> **Work instruction**
The answer is the first line of the listing and every line after it through the one containing "NWT ivory Fredericks", exact, with pictures removed.

> **Dataset section**
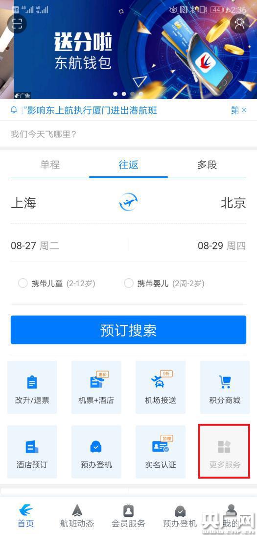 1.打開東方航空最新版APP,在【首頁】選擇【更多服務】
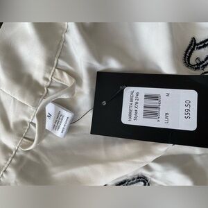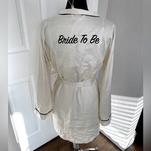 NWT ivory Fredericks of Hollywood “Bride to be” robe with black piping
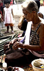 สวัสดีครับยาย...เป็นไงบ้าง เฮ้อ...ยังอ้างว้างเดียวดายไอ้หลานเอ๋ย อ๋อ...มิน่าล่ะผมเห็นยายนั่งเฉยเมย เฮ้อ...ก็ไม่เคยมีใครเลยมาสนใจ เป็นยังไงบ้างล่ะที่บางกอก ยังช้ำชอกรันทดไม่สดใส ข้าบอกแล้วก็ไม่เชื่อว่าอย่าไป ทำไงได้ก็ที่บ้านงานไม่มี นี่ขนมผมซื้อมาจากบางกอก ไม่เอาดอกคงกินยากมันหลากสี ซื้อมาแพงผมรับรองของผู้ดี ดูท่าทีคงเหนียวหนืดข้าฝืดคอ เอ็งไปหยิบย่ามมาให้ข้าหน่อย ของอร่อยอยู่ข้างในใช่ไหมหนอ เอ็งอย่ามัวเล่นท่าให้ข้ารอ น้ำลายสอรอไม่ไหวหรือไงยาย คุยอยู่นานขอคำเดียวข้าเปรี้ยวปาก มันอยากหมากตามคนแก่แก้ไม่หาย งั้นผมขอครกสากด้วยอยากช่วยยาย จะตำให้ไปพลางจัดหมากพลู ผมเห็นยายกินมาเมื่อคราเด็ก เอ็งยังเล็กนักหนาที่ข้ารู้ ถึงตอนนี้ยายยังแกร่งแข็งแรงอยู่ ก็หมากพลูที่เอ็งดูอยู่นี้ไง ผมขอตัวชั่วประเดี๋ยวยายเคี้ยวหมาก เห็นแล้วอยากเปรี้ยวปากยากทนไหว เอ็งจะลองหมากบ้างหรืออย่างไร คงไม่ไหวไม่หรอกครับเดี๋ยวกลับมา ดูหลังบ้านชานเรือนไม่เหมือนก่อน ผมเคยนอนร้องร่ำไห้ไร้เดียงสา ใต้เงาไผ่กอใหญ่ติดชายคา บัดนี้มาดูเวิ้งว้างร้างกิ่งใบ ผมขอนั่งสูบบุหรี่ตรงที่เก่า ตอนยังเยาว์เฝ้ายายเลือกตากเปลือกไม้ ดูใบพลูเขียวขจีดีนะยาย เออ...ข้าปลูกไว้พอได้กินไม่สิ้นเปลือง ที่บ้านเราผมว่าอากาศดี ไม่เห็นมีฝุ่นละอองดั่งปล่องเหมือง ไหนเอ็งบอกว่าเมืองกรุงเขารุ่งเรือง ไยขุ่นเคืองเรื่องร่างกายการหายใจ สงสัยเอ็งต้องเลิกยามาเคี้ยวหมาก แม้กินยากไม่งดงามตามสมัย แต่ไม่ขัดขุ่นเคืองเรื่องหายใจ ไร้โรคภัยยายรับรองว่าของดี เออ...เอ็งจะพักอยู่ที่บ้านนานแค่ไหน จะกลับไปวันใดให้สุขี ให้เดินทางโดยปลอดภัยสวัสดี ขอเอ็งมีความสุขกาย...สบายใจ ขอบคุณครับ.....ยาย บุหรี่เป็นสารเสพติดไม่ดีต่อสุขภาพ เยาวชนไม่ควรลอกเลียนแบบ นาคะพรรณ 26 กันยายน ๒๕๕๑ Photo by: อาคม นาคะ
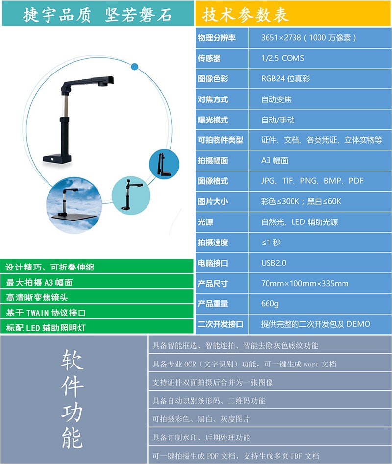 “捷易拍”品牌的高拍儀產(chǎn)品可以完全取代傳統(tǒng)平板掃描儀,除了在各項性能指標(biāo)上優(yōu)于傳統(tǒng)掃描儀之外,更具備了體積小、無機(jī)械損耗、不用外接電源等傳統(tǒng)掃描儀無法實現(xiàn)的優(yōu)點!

> **Reply to the exercise**
 1.打開東方航空最新版APP,在【首頁】選擇【更多服務】
 NWT ivory Fredericks of Hollywood “Bride to be” robe with black piping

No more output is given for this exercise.